My math is as follows:
Defining the proper variables/setup parameters.
- This setup included noting the position of 'P', as shown above, as well as the fact that the potential was equivalent to $ \frac{G \ dV \ \rho}{r} $ where $ \rho $ is the mass density.
Setting up the integral.
- Now, I can set up an integral, I, which would be equivalent to $ -G* \iiint_ \frac{\rho}{(x^2 + y^2 + z^2)^{1/2}} \ dx \ dy \ dz $ where each bound would be denoted by $ {-\frac{L}{2}} to {\frac{L}{2}} $. This would effectively become $ -\frac{G M}{L^3} \iiint_{-\frac{L}{2}}^{\frac{L}{2}} \frac{1}{(x^2 + y^2 + z^2)^{1/2}} \, dx \, dy \, dz $.
Solving the integral.
- Solving this integral was not exactly trivial, given the denominator of my integrand. So, I wanted to introduce 'dimensionless variables' that would help reduce this integral to one of a tabular form. I did so by noting that x, y, and z would equal $ \frac{L}{2} u $, $ \frac{L}{2} v $, and $ \frac{L}{2} w $ respectively. This would imply that my new dx, dy, and dz would become $ \left( \frac{L}{2} \right)^3 \ du \ dv \ dw $. This would change each of my bounds to be from -1 to 1 and would leave me an integral that looks like $ -\frac{GM}{L^3} \left( \frac{L}{2} \right)^3 \iiint_{-1}^{1} \frac{du \ dv \ dw}{\left[ \left( \frac{L}{2} u \right)^2 + \left( \frac{L}{2} v \right)^2 + \left( \frac{L}{2} w \right)^2 \right]^{1/2}} $.

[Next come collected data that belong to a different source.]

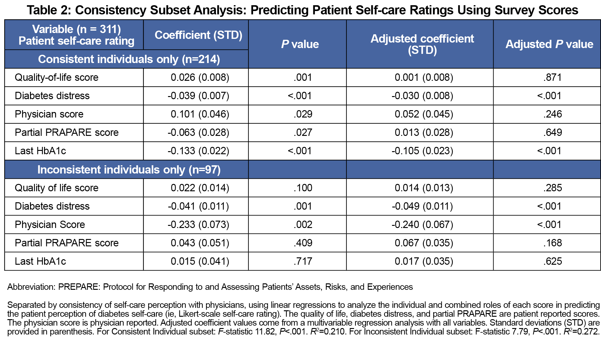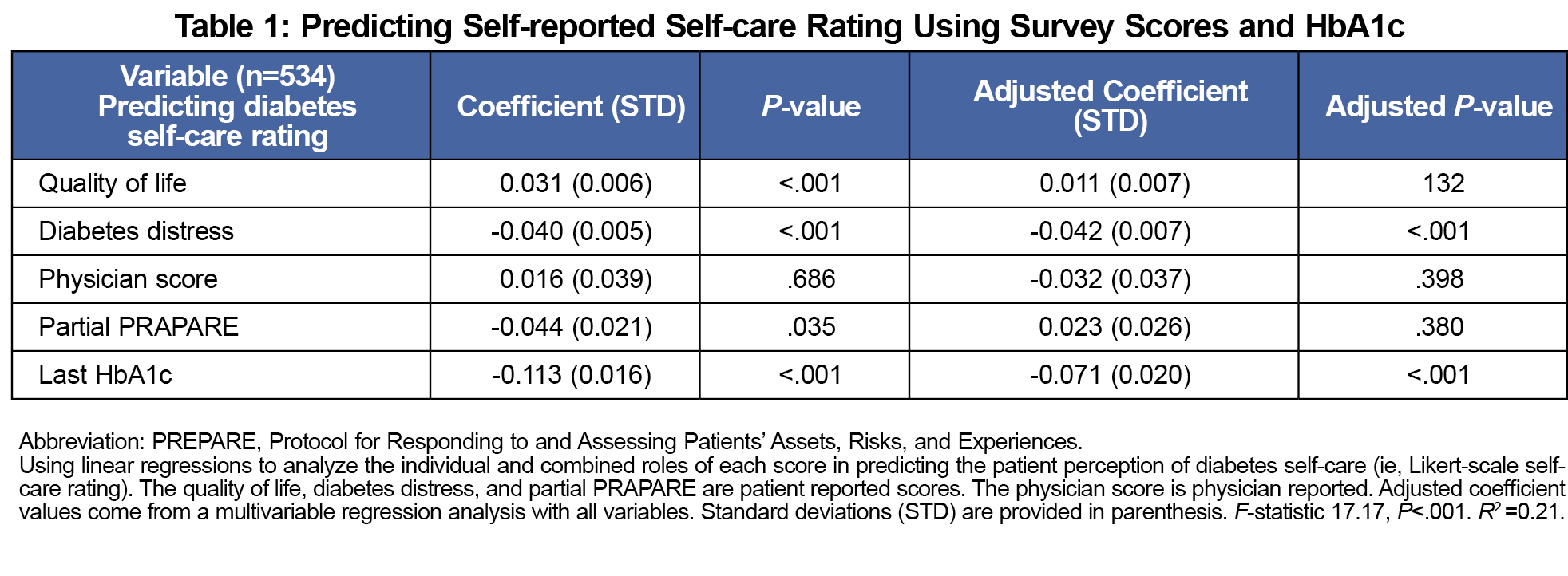 Results: There was a lack of consistency in self-care perception between patients and physicians 31.2% of the time. Patient self-care perception was best predicted by the patients’ diabetes distress scores (P<.001) and last HbA1c (P<.001).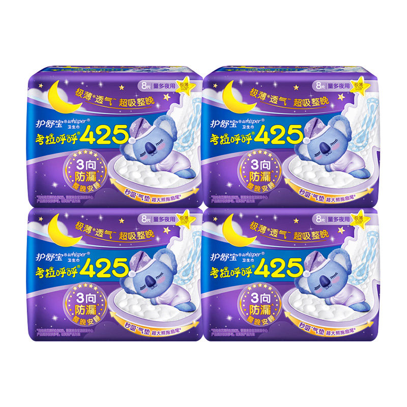 护舒宝考拉卫生巾量多夜日用超长425mm棉柔防漏超薄透气大姨妈巾
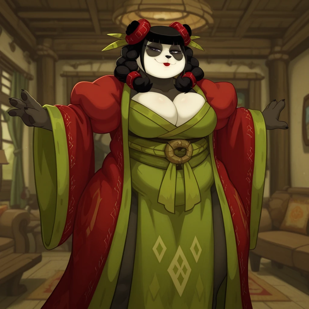 d4ih1tsu, solo, female, anthro, giant panda, two tone body, mature female, grey eyes, black hair, hair on shoulders, blunt bangs, long hair, long bangs, braided pigtails, long pigtails, red lipstick, black nose, animal ears, red hair tie, red hair accessory, big breasts, slightly chubby, finger claws, 4 fingers, wide hips, nub tail, white breasts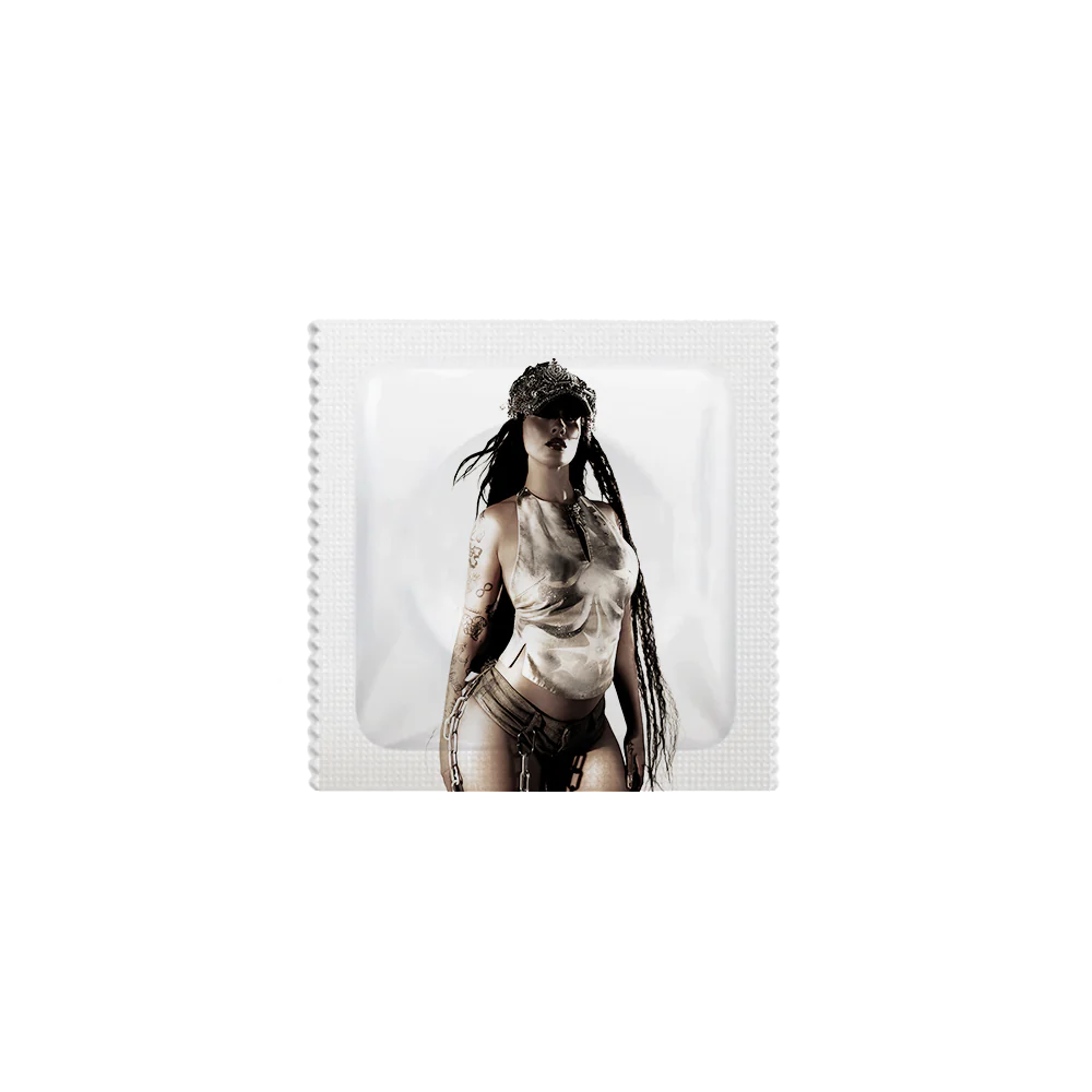 Preservativo con fotografía oficial de la gira de La Zowi.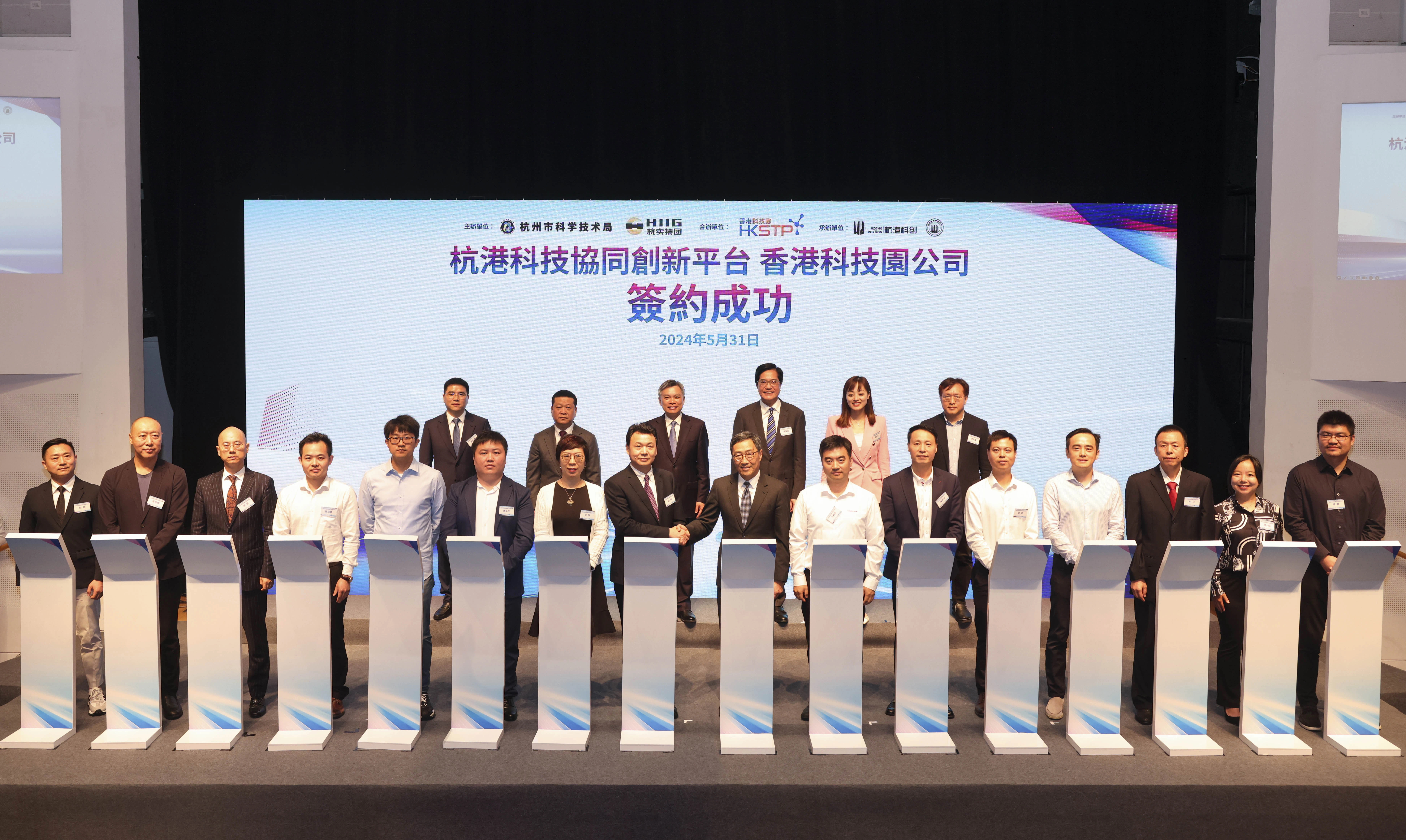 2024年5月31日,MK在线登录官网党委书记、董事长钮健代表杭州创新孵化中心(香港)有限公司与香港科技园公司行政总裁黄克强签署联合孵化协议,并与 14家杭州科创企业签署入园发展合作备忘录。

- I solve this integral via an integral table, which results in a value of $ \ln(1 + \sqrt{2}) - \frac{1}{2} $, which I multiply by 8 for the entire cube, and ultimately arrive at an answer of $ -\frac{GM}{L} \cdot \frac{1}{4} \left[ 8 \left( \ln(1 + \sqrt{2}) - \frac{1}{2} \right) \right] $.
My final conclusion.
- So, my final conclusion is that for a point P in the center of a cube, you get a gravitational potential value of $ -\frac{GMm}{L} \left( 2 \ln(1 + \sqrt{2}) - 1 \right) $. This is clearly different than what the supposed "standard" was, and worried me a bit.
I would now like to present this question here to see if my math, intuition, setup, etc. was wrong. Is there an actual standard for a question like this?